Time for a new entry in this data series for the just-discovered 49th M-prime. Using the classic B-smoothness and the L2-smoothness measures I define in post #32 we have

p = 74207281: p - 1 = 2^4.3.5.7.44171. (For comparison, p + 1 = 2.107.346763).

Compared to a sample of over 1000 of its peers (primes in [p-10^4, p+10^4]; cf. attachment #2),

B -smoothness: 74207281 is 574 of 1146, percentile = 50.00

L2-smoothness: 74207281 is 180 of 1146, percentile = 84.38

Since B-smoothness only cares about the largest prime factor - here 44171 is ~60% the size of 74207280, logarithmically speaking - we land smack in the middle of the sample according to that metric. L2-smoothness includes all the factors, so there the small factors boost the resulting percentile.

-------------------

Further: With a view towards large-exponent asymptotics I did various best-fit experiments, starting with the full 49-point 'knowns' dataset and truncating various chunks at the low end. Here x is the index of the M(p) (in size-sorted order rather than by discovery date, obviously) and y = log2(p).

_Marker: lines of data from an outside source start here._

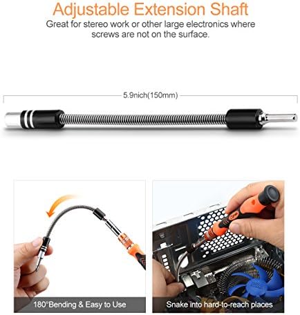 The multifunctional magnetic screwdriver kit has 56 different drill bits and can accommodate many special-shaped screws to meet all your needs. The strong and flexible shaft extension can easily reach some difficult places. The magnifying glass makes it easier to use small precision parts. Various lever opening tools can improve your work efficiency. Microfiber cloth is very suitable for cleaning. A complete and compact kit can make your repairs faster and smoother.
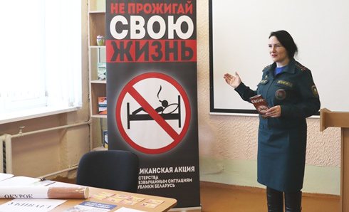С ребятами блиц-опрос “А вы знаете, что курение…” провела инспектор сектора пропаганды и взаимодействия с общественностью районного отдела по чрезвычайным ситуациям Надежда Литвинович, также рассказала о вреде курения и акции “Не прожигай свою жизнь!”.
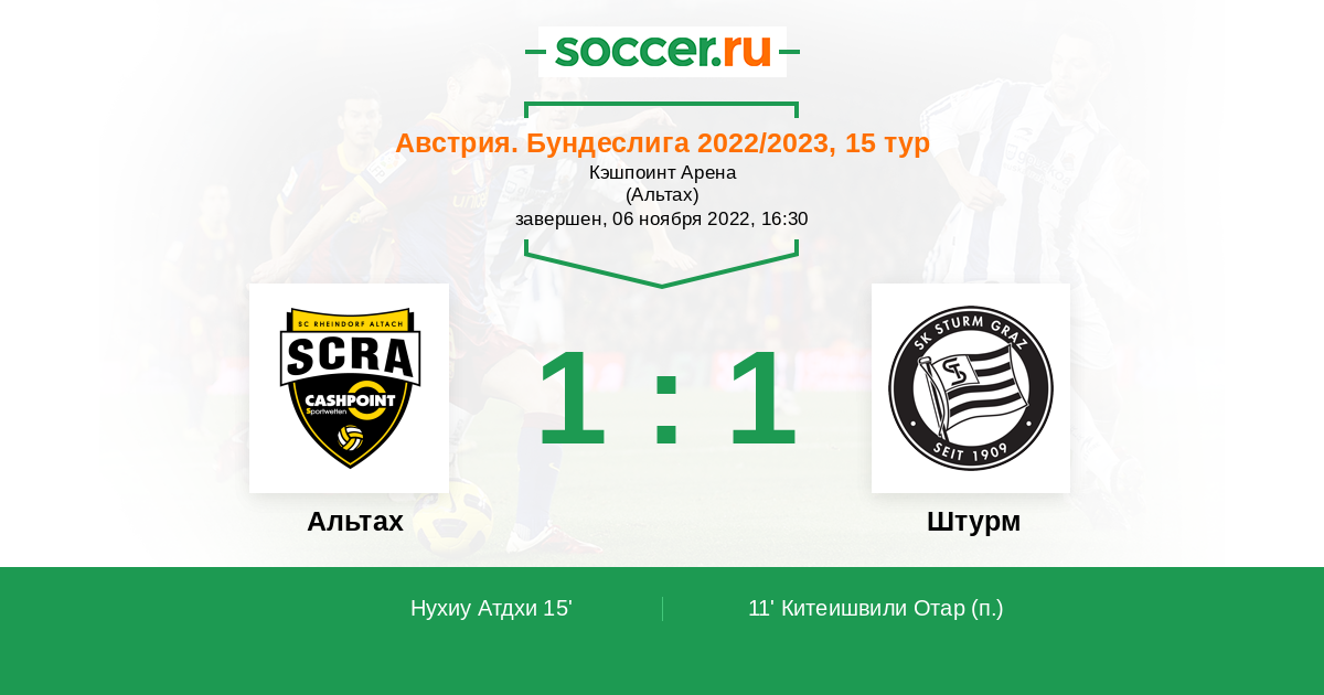Протокол матча Альтах против Штурм
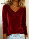 Casual Solid Color Waffle Knit Polo Collar Sweatshirt
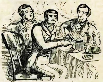 Leaving Mr. Pucker to express his thanks for this great kindness, and Mr. Bouncer to plunge him into the depths of trepidation by telling him terrible stories of the Examiner's fondness for rejecting the candidates for examination, Mr. Fosbrooke and our hero ascended to the rooms of the former, where they hastily cleared away cigar-boxes and pipes, turned certain French pictures with their faces to the wall, and covered over with an outspread Times a regiment of porter and spirit bottles which had just been smuggled in, and were drawn up rank-and-file on the sofa. Having made this preparation, and furnished the table with pens, ink, and scribble-paper, Mr. Bouncer and the victim were admitted.
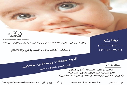 برگزاری وبینار رتینوپاتی (ROP) مورخ 1401/03/11. ثبت نام در سامانه آموزش مداوم
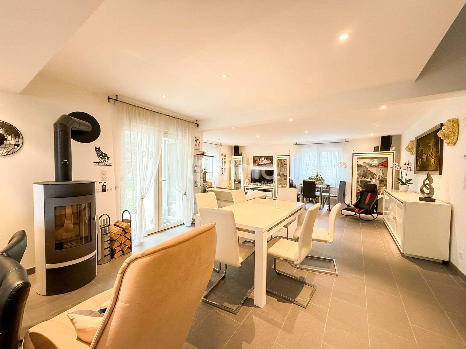 Dès l'entrée, laissez-vous séduire par des volumes majestueux. La pièce de vie, vaste et baignée de lumière, déploie un salon et une salle à manger aux proportions généreuses.
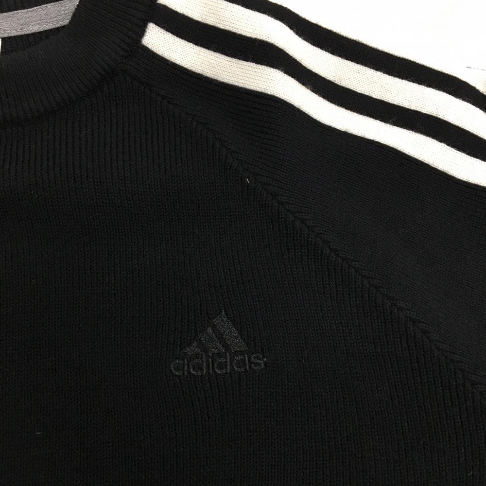 アディダス セーター 黒×白 袖3ライン ニット レディース OT(XL) ゴルフウェア adidas
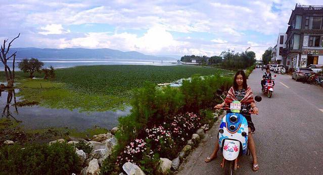 再度租车前往大理古城,应该是患了古镇麻痹症,逛了两个古镇后我们都对于大理古镇没有想象中的兴奋感,洋人街有许多特色小店,关于吃饭可以搜索大众点评网,大理的美食据说比丽江好吃很多,我们没有食欲所以没口福一品当地美食,骑上小摩托出发洱海湿地公园。
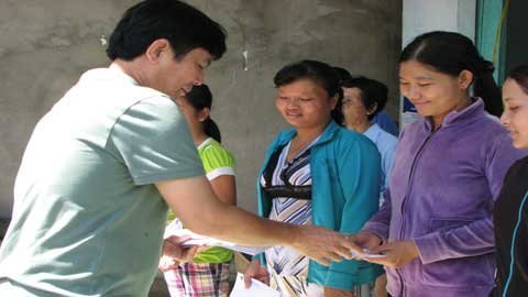 | Ông Nguyễn Đức Liên đại diện Báo VietNamNet trao quà cho người dân. |

As my comment notes, the final sample of just the largest 9 M(p)s leads to a big shift in the fit-line:

Code:

[1] Least-squares of full 49-point dataset gives slope = 0.5465, y-intercept = 1.1208
[2] Omitting 10 smallest M(p): Sample size = 39, xavg = 30.0000, yavg = 17.6238
Least-squares omitting 10 smallest M(p) gives slope = 0.5252, y-intercept = 1.8685
[3] Omitting 20 smallest M(p): Sample size = 29, xavg = 35.0000, yavg = 20.2390
Least-squares omitting 20 smallest M(p) gives slope = 0.5240, y-intercept = 1.8977
[4] Omitting 30 smallest M(p): Sample size = 19, xavg = 40.0000, yavg = 23.0612
Least-squares omitting 30 smallest M(p) gives slope = 0.4351, y-intercept = 5.6575
[5] Omitting 40 smallest M(p): Sample size = 9, xavg = 45.0000, yavg = 25.1945
Least-squares omitting 40 smallest M(p) gives slope = 0.1895, y-intercept = 16.6660 <*** Holy crap! ***

Using the 5 distinct regressions to predict both the 49th and the 50th M-prime we get a wide range of estimates:

Code:

E.g. using bc -l:
l2 = l(2)
a = 0.1895; b = 16.6660
x=49;lgp=a*x+b;e(lgp*l2)
x=50;lgp=a*x+b;e(lgp*l2)
[1] p49 ~= 250337642; p50 ~= 365627666
[2] p49 ~= 203901903; p50 ~= 293441972
[3] p49 ~= 199761040; p50 ~= 287243698
[4] p49 ~= 132131573; p50 ~= 178642487
[5] p49 ~= 64890322; p50 ~= 73998875

Attachment #1 has the above in graphical form - clearly, omitting the smallest 40 M(p) gives much too small a statistical sample to take seriously in the viewed-at-large sense, but it is rather striking how the most recent 10 M(p) line up quite neatly on a very different trendline.

Serge Batalov comments:

That is indeed what I (re)posted as a riddle (from David Eddy) in the Ooops forum for the users to chew on.

9 heads = 9 times the ratio is below expected geometric mean ratio of 1.48...

Hence the odd slope for the last 10 known primes.

It still doesn't challenge the confidence interval based on all known primes to include the Wagstaff slope.